* **What you will do**
Your answer must be only the lines below from the one containing "Nine West Mocha" through the one containing "Дана боксерська груша", copied exactly, with the pictures left out.

Segment Start: Given data

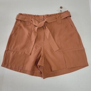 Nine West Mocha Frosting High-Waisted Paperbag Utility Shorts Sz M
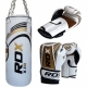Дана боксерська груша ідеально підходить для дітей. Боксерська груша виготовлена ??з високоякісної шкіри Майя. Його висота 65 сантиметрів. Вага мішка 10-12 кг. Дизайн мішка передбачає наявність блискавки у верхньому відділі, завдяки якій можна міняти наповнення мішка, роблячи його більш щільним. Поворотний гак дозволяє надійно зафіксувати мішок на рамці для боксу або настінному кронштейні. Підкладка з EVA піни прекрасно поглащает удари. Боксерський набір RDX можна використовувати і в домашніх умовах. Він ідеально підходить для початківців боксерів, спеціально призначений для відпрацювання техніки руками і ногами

Segment End: Given data
Segment Start: Given data

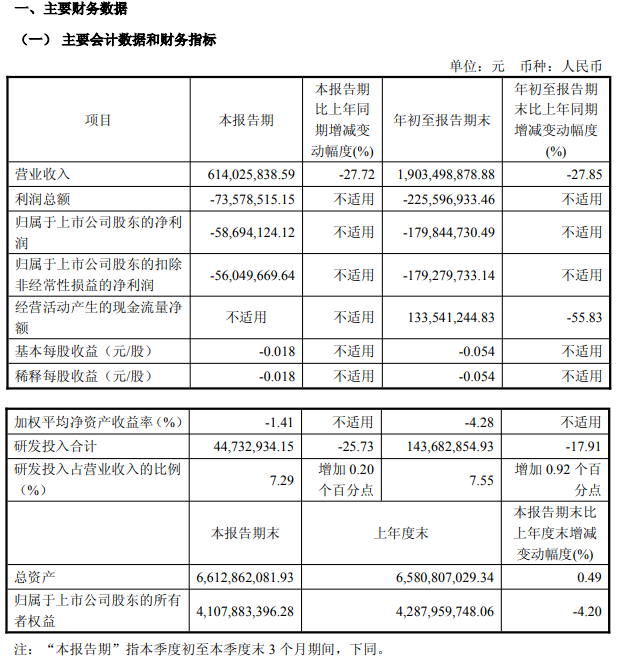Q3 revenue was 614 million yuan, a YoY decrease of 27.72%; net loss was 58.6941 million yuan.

Segment End: Given data

* **Written answer**
 Nine West Mocha Frosting High-Waisted Paperbag Utility Shorts Sz M
Дана боксерська груша ідеально підходить для дітей. Боксерська груша виготовлена ??з високоякісної шкіри Майя. Його висота 65 сантиметрів. Вага мішка 10-12 кг. Дизайн мішка передбачає наявність блискавки у верхньому відділі, завдяки якій можна міняти наповнення мішка, роблячи його більш щільним. Поворотний гак дозволяє надійно зафіксувати мішок на рамці для боксу або настінному кронштейні. Підкладка з EVA піни прекрасно поглащает удари. Боксерський набір RDX можна використовувати і в домашніх умовах. Він ідеально підходить для початківців боксерів, спеціально призначений для відпрацювання техніки руками і ногами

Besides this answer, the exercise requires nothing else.